# Traditional boot trees



## asset2004 (22 October 2010)

Does anyone use traditional wooden boot trees in their hunting boots any more? Tidying out grandparents house I came across a pair but wondered if people use them or do they use the plastic boot trees to keep their shape now. 
I wear rubber boots (ducks lol but our country is quite wet and getting off to do gates and undo nasty wire fences it makes sense rather than ruin good leather ones, plus I can get an extra pair of socks on with them!) lol
They are really nice, very well made but weigh a tonne!


----------



## spacefaer (22 October 2010)

we use them! what size are they?


----------



## asset2004 (22 October 2010)

size 4


----------



## Haniki (22 October 2010)

They can make a lot of money on ebay:
http://cgi.ebay.co.uk/ws/eBayISAPI....JN%2FAw%3D&viewitem=&sspagename=STRK:MEWAX:IT


----------



## asset2004 (22 October 2010)

Haniki said:



			They can make a lot of money on ebay:
http://cgi.ebay.co.uk/ws/eBayISAPI....JN%2FAw%3D&viewitem=&sspagename=STRK:MEWAX:IT

Click to expand...

so they do!  thanks


----------



## MissySmythe (22 October 2010)

Trouble is they only fit the boots they're made for surely?

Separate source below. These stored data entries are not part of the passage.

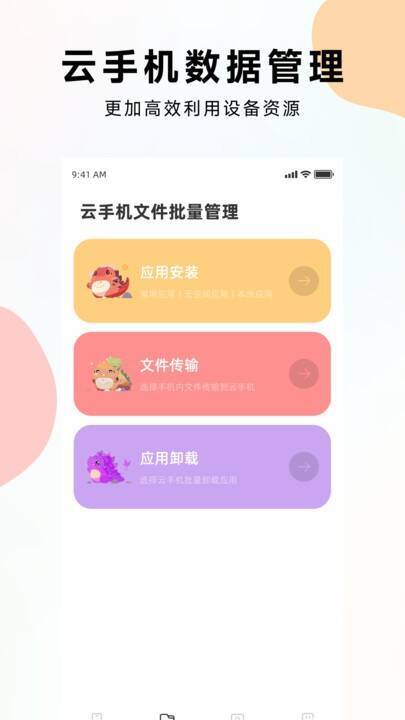 5. 云手机数据管理:云手机数据使用时不占本地设备存储空间,有效减轻本地存储压力,提升整体设备性能,让用户更高效利用设备资源。
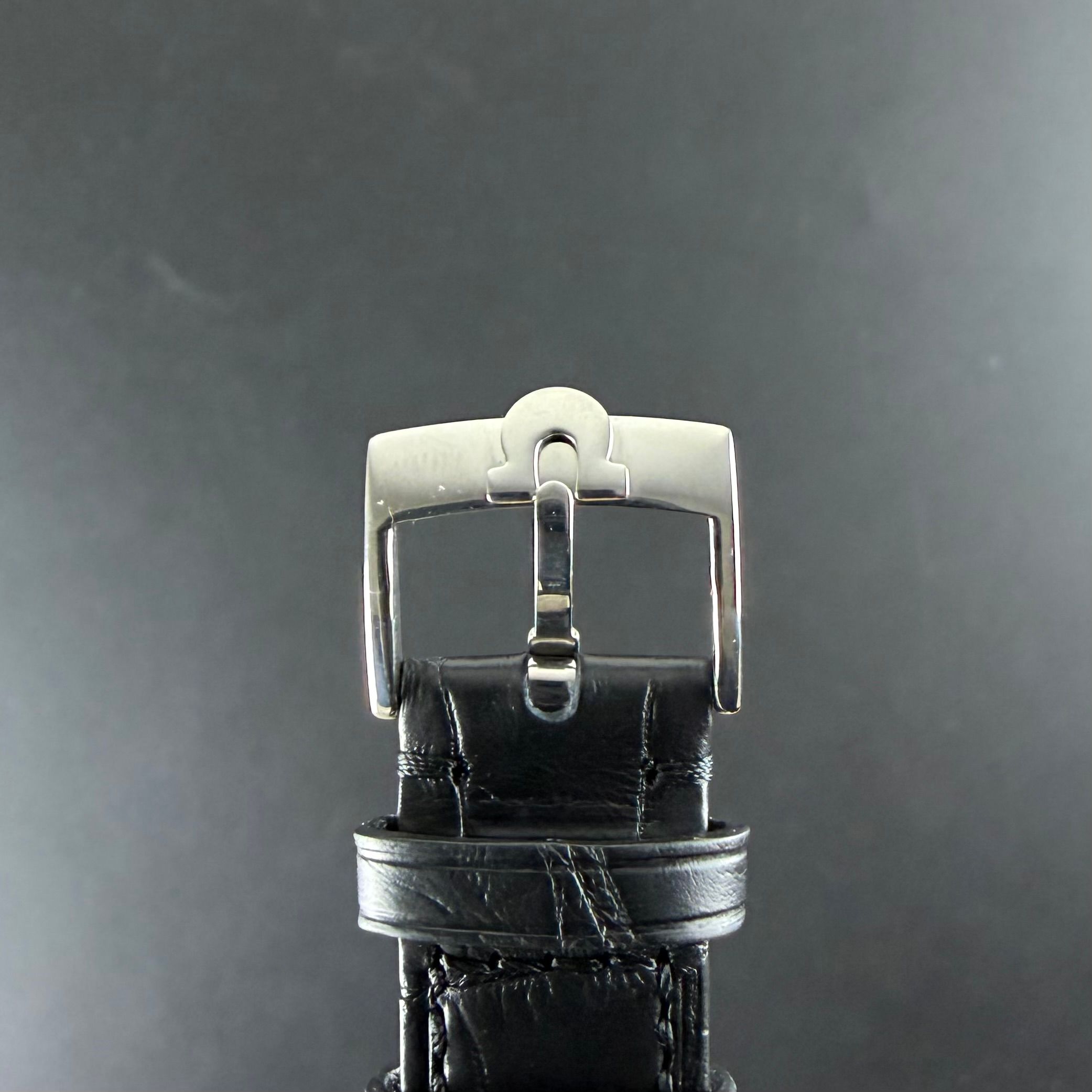 This vintage Omega Constellation, produced for the Japanese market, features the iconic “Pie Pan” dial with sloping edges and “Dog Leg” lugs, giving it a distinct searched for look.The 34mm stainless steel case houses the caliber 1011 automatic movement, seen on this specific reference, in contrast to the 500-series movements in European and American models. The watch comes on a black calf leather strap with a alligator grain, perfectly complementing its vintage aesthetic.
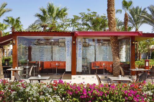 Основен ресторант El Wadi, италиански а ла карт ресторант Al Fresco (едно безплатно посещение на престой, след предварителна резервация), наргиле бар (срещу заплащане), бар Oasis, бар на плажа, бар басейн Flambé, кафене Havana, бар Pirates, 4 открити басейна (един от които е отопляем през зимата), СПА център, достъп до Cleo Park (един от най-големите водни паркове в Шарм Ел Шейх с 21 пързалки), дневни и вечерни шоу програми.
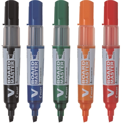 Pilot BeGreen V Board Master viistokärkinen viiden värin taulutussisarja. Pilot BeGreen on muovirunkoinen taulutussi, johon on saatavilla vaihtosäiliöt. Alkoholipohjainen muste. Ei sisällä ksyleeniä. Viisto akryylikärki, viivan leveydet 3,0 - 6,0 mm. Värit sininen, punainen, musta, vihreä ja oranssi. Valmistettu uusiomuovista. Kierrätysprosentti 92 %.
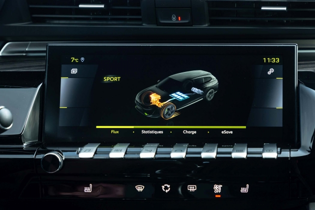 Ativando o modo desportivo de condução, liberta-se o ‘circo de feras’. Ou seja, os 360 CV e o binário de 520 Nm passa a estar disponível. É assim que este 508 PSE passa a assumir uma energia acima da média, sobressaindo sobretudo nas recuperações, com o binário elétrico a fazer este modelo ‘saltar’ literalmente para a frente, impulsionado pela força motriz. Chega a causar alguma estranheza a forma como, pisando o acelerador de forma decidida, galga km/h no velocímetro digital, valendo também a potência do sistema de travagem, que é bastante competente e praticamente imune a efeitos de regeneração de energia ou de amolecimento do pedal na primeira fase do seu curso.
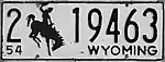 1954 | Embossed black serial and Bucking Horse and Rider on white plate with border line; "54 WYOMING" at bottom | 1-12345 10-1234 |
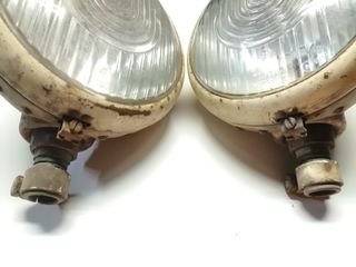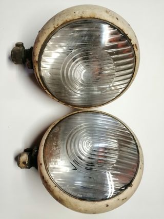 Pareja de faros delanteros clásicos, Sealed Beam, Made in U.S.A., sellados de 12 voltios. Medidas: Diámetro óptica: 18 cm. Diámetro carcasa: 18 cm. Diámetro carcasa trasera: 17'5 cm
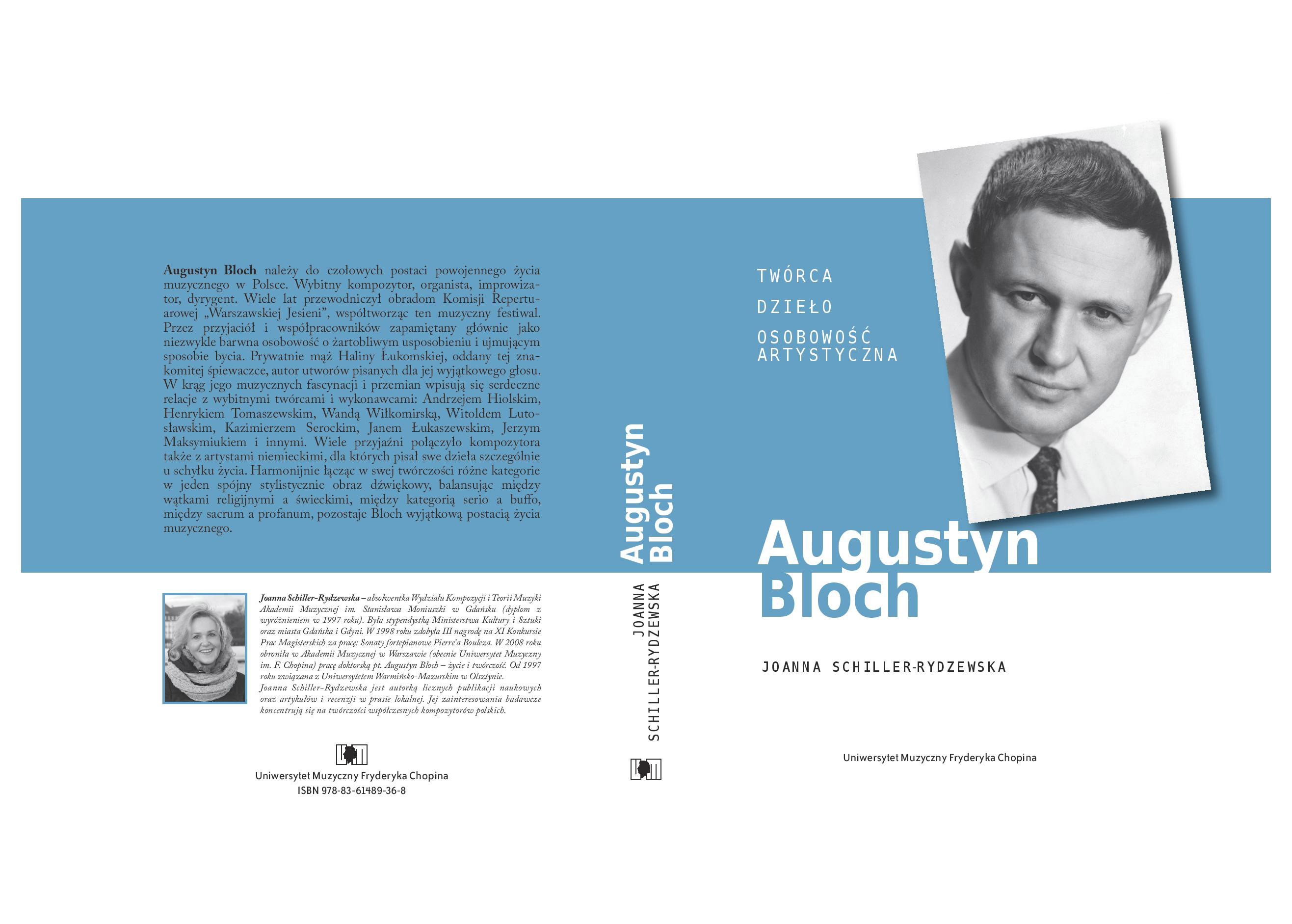 Wydawnictwo Uniwersytetu Muzycznego im. Fryderyka Chopina w Warszawie opublikowało książkę dr Joanny Schiller-Rydzewskiej pt. Augustyn Bloch- twórca, dzieło, osobowość artystyczna. Publikacja ukazała się w dziesięć lat po śmierci tego wybitnego kompozytora, organisty, dyrygenta i organizatora życia muzycznego, jest więc ważnym akcentem rocznicowym. Opatrzona przedmową Mieczysława Tomaszewskiego rozprawa stanowi kompendium wiedzy o artyście, jego życiu i twórczości, stanowi również ważne świadectwo czasu w jakim działał. Autorce serdecznie gratulujemy, a wszystkich zainteresowanych odsyłamy do lektury. Książka dostępna jest na stronie wydawnictwa: http://efryderyk.pl/57_schiller-rydzewski-joanna
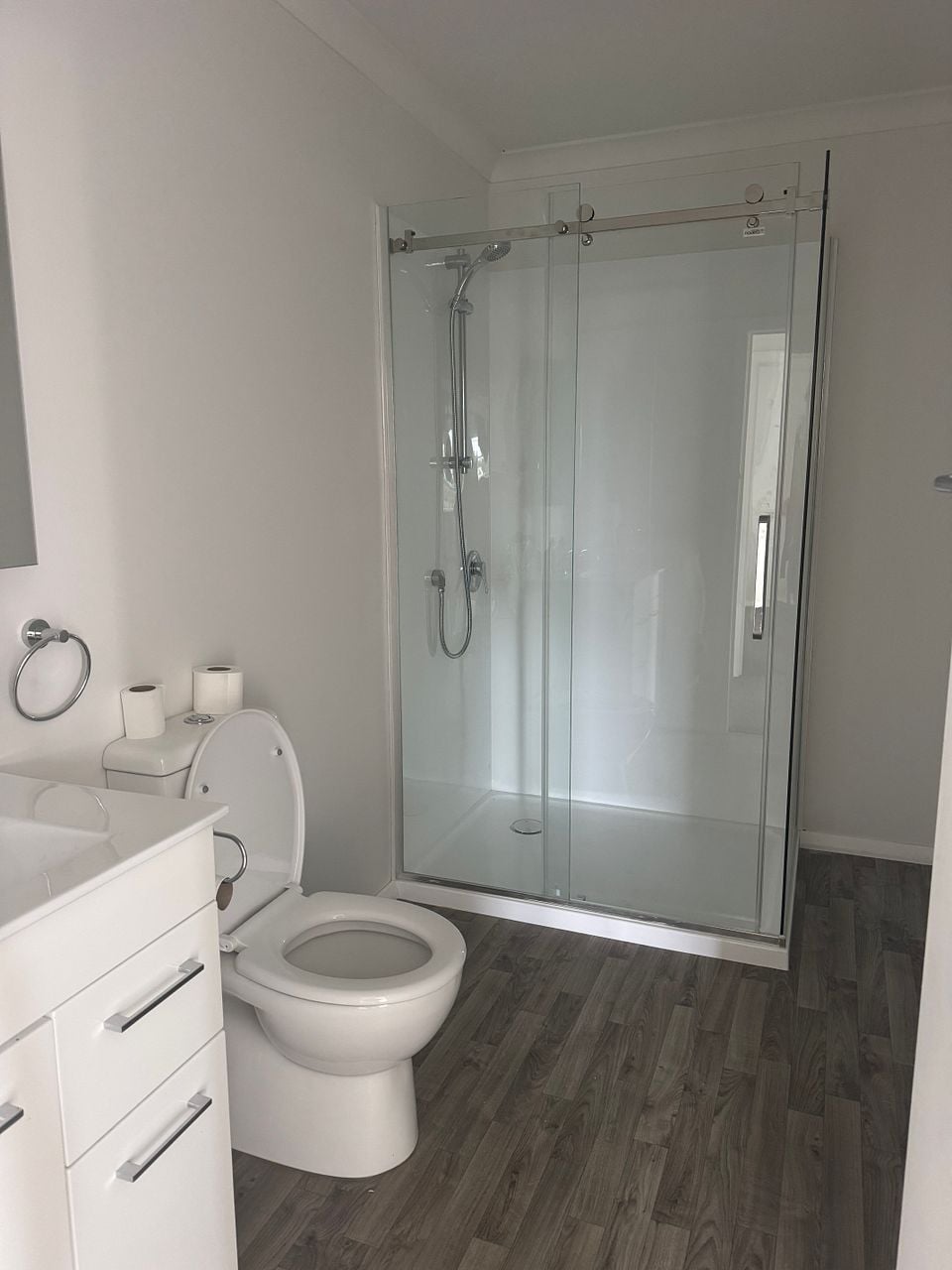 Bathroom: New stylish bathroom with a standalone shower and toilet.
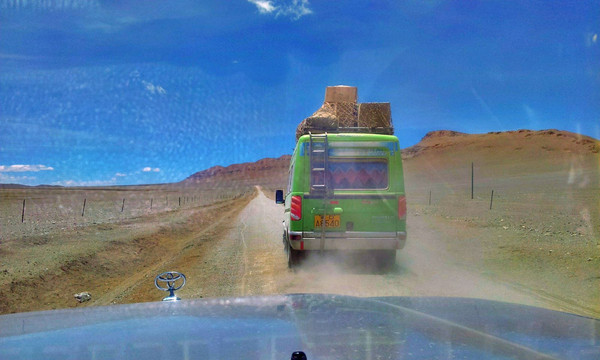 终于看到岗巴县城了,这辆班车还在我们前面晃悠岗巴县
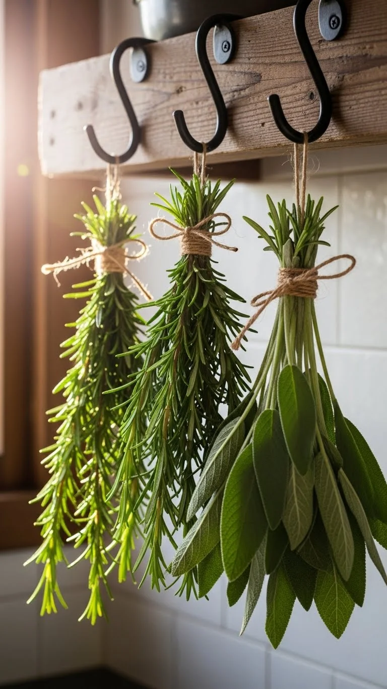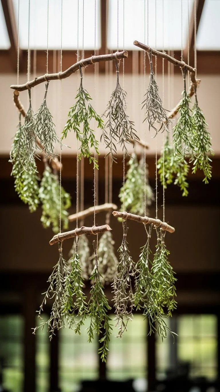 Bundle fresh herbs like rosemary or sage and tie with twine for simple hanging decor. Herbs bring subtle fragrance and green texture. Hang them in the kitchen, by a fireplace, or on walls. This adds a rustic touch and is budget-friendly. You can reuse herbs in cooking if desired, making this functional as well as decorative.
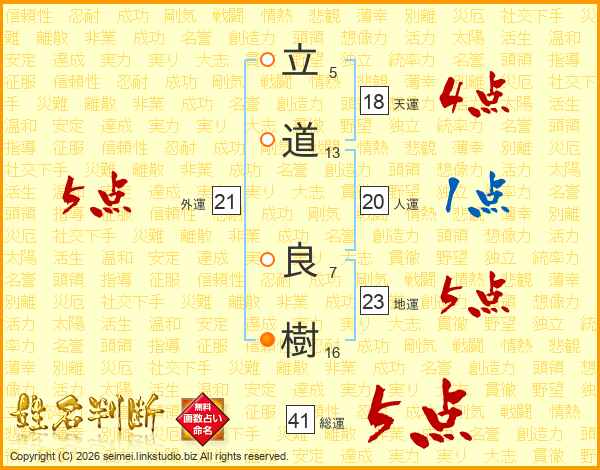 生活面を象徴する運勢です。外部から受ける影響力を表し、結婚運、家庭運や職場、環境への順応性を表します。総運から人運を引いた画数。姓や名が1文字の場合を除く。
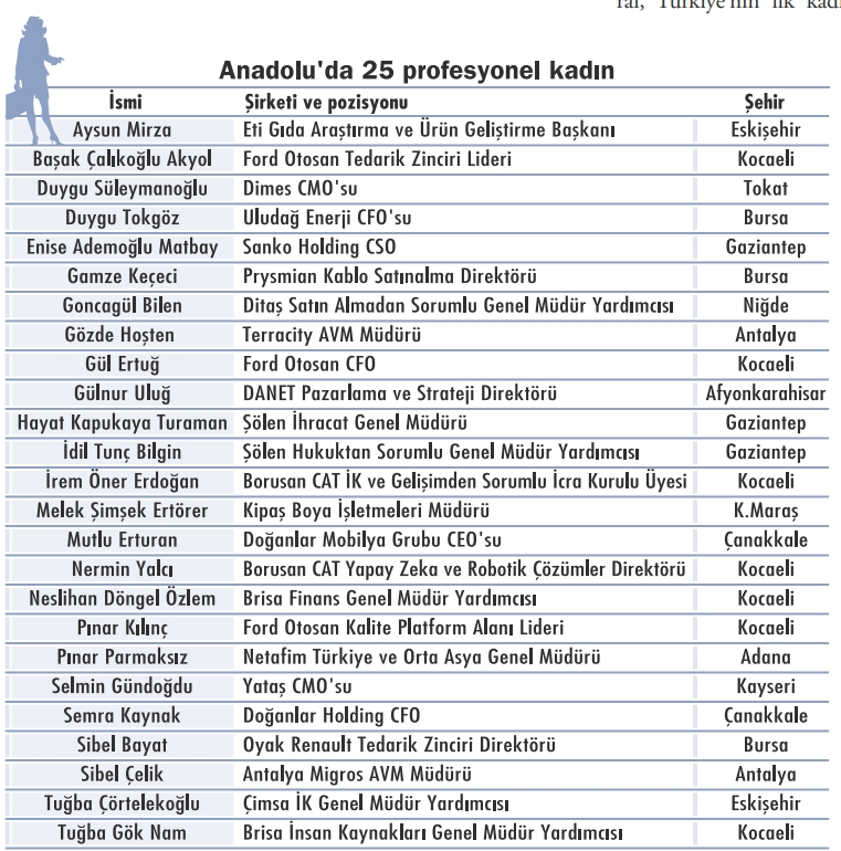 Kadınların iş dünyasındaki yükselişi artık yalnızca büyük şehirlerle sınırlı değil. Anadolu’dan da sayıları az ama etkisi güçlü kadın hikayeleri geliyor. Kadın istihdamını artıran “Anadolu kaplanları”, kadın liderlerin vizyonuyla önemli bir dönüşüm yaşıyor. Bursa’dan Kütahya’ya, Gaziantep’ten Eskişehir’e kadar pek çok şehirde kadın liderler şirket kültürünü yeniden şekillendiriyor, bakış açılarıyla fark yaratıyorlar.
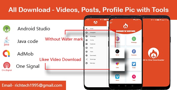 Insta,TikTok,FB,Whatsapp,Twitter Saver With editing tools – firebase| Admob | Onesignal app allow you to download.
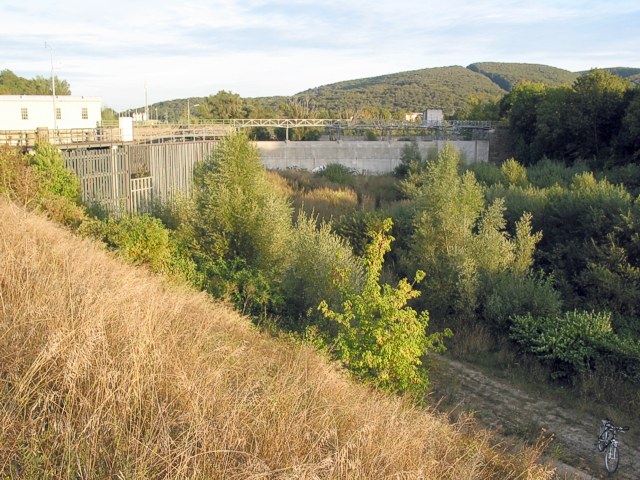 Wienfluss: Großes Rückhaltebecken mit Baumrechen flussabwärts
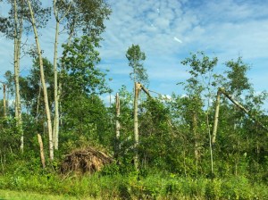 After work yesterday, Cyndie and I hopped in her car and drove up to the lake for the weekend. Leaving on a Thursday night makes for easy driving, in the absence of the typical weekend traffic headed north. Our route took us through some of the damage from last week’s storms that produced near-hurricane force winds and some baseball-sized hail.
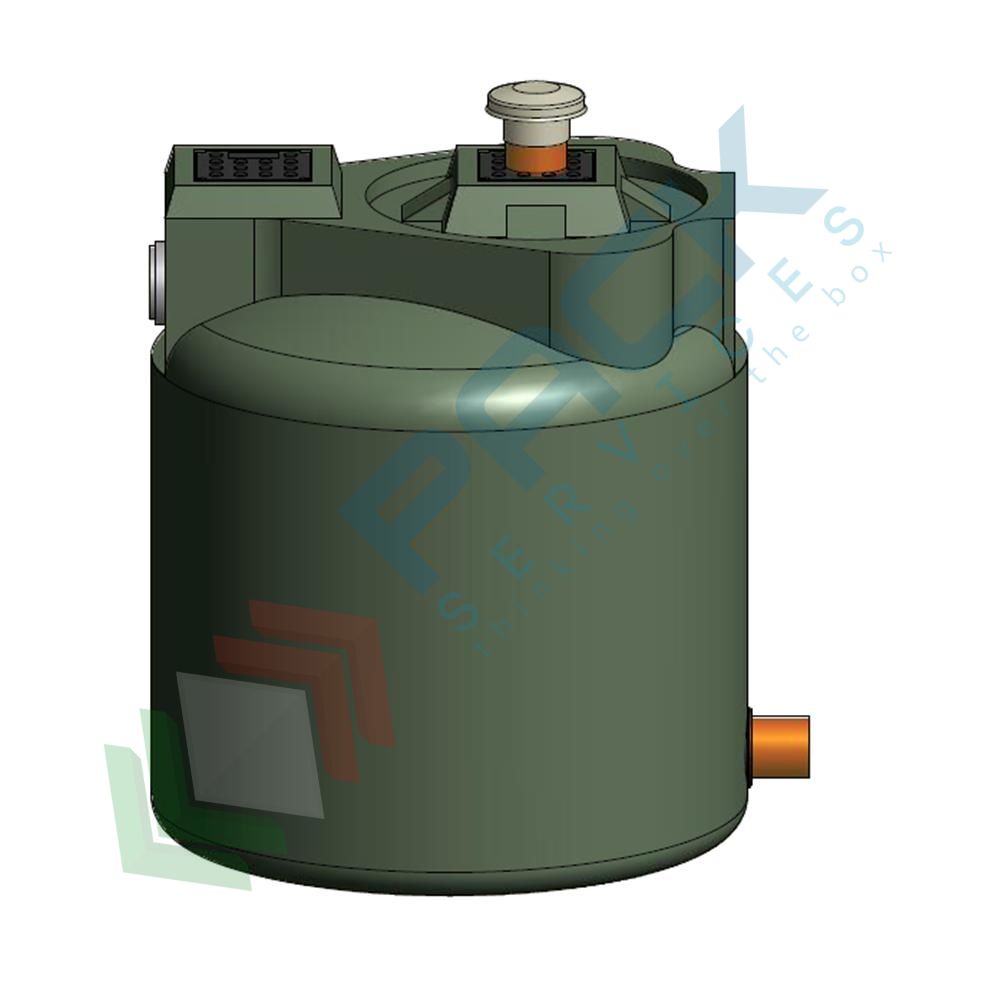 Filtro percolatore aerobico, A.E. 5, mis. 780 L x 1000 P x 1000 H mm, capacità 500 Lt. Filtri percolatori aerobici idonei per il trattamento secondario dei reflui domestici in generale delle acque nere confluenti nel collettore fognario mediante digestione aerobica. Filtri realizzati in polietilene lineare mediante lo stampaggio rotazionale. Contenitori monolitici, ossia stampati in un unico pezzo senza giunzioni. Le caratteristiche del refluo trattato risultano accettabili secondo il Decreto Legislativo 3 Aprile 2006 n. 152 TAB 3 Allegato 5 e successive modifiche. Sono composti da un vano principale di ossidazione che accoglie il materiale plastico di riempimento.

They have value as 'antiques' . Have seen a few people in the Cotswolds with boots/trees in the hall who have never even been near a horse let alone hunted. Too funny!
Get the best price you can!


----------



## Rowreach (22 October 2010)

MissySmythe said:



			Trouble is they only fit the boots they're made for surely? They have value as 'antiques' . Have seen a few people in the Cotswolds with boots/trees in the hall who have never even been near a horse let alone hunted. Too funny!
Get the best price you can!
		
Click to expand...

I've got several pairs of treed boots which I use as "decorative items" lol - but I can justifiably say I'm never far from a horse and have hunted for 40 years, so am I allowed?


----------



## siennamum (22 October 2010)

Haniki said:



			They can make a lot of money on ebay:
http://cgi.ebay.co.uk/ws/eBayISAPI....JN%2FAw%3D&viewitem=&sspagename=STRK:MEWAX:IT

Click to expand...

blimey I have some identical to that somewhere in the garage - shall have to hunt them out.


----------



## MissySmythe (22 October 2010)

Rowreach said:



			I've got several pairs of treed boots which I use as "decorative items" lol - but I can justifiably say I'm never far from a horse and have hunted for 40 years, so am I allowed?

Click to expand...

Absolutely! LOL


----------



## Daddy_Long_Legs (22 October 2010)

I would love a pair of wooden hunting trees. I just got a pair of boots from Davies and the trees nearly cost as much as the boots so I declined! But maybe next year!


----------



## spacefaer (22 October 2010)

HuntingmadinEire said:



			I would love a pair of wooden hunting trees. I just got a pair of boots from Davies and the trees nearly cost as much as the boots so I declined! But maybe next year!
		
Click to expand...

Don't I know it - got a pair of Davies boots made for me - haven't worn them for a bit and now they don't fit :O

To have the trees made now would be significantly more than the boots are worth - going to be selling them sadly as I've outgrown them......

anyone got skinnny legs??


----------



## siennamum (22 October 2010)

spacefaer said:



			Don't I know it - got a pair of Davies boots made for me - haven't worn them for a bit and now they don't fit :O

To have the trees made now would be significantly more than the boots are worth - going to be selling them sadly as I've outgrown them......

anyone got skinnny legs??
		
Click to expand...

You can stretch them - or get them stretched. What size are they?


----------



## rosie fronfelen (22 October 2010)

where would the best place to go to sell a pair of brown hunting boots, with laces, (really old!) thin leg, probably a size 4, with wooden trees? they are just sitting in the attic gathering dust!


----------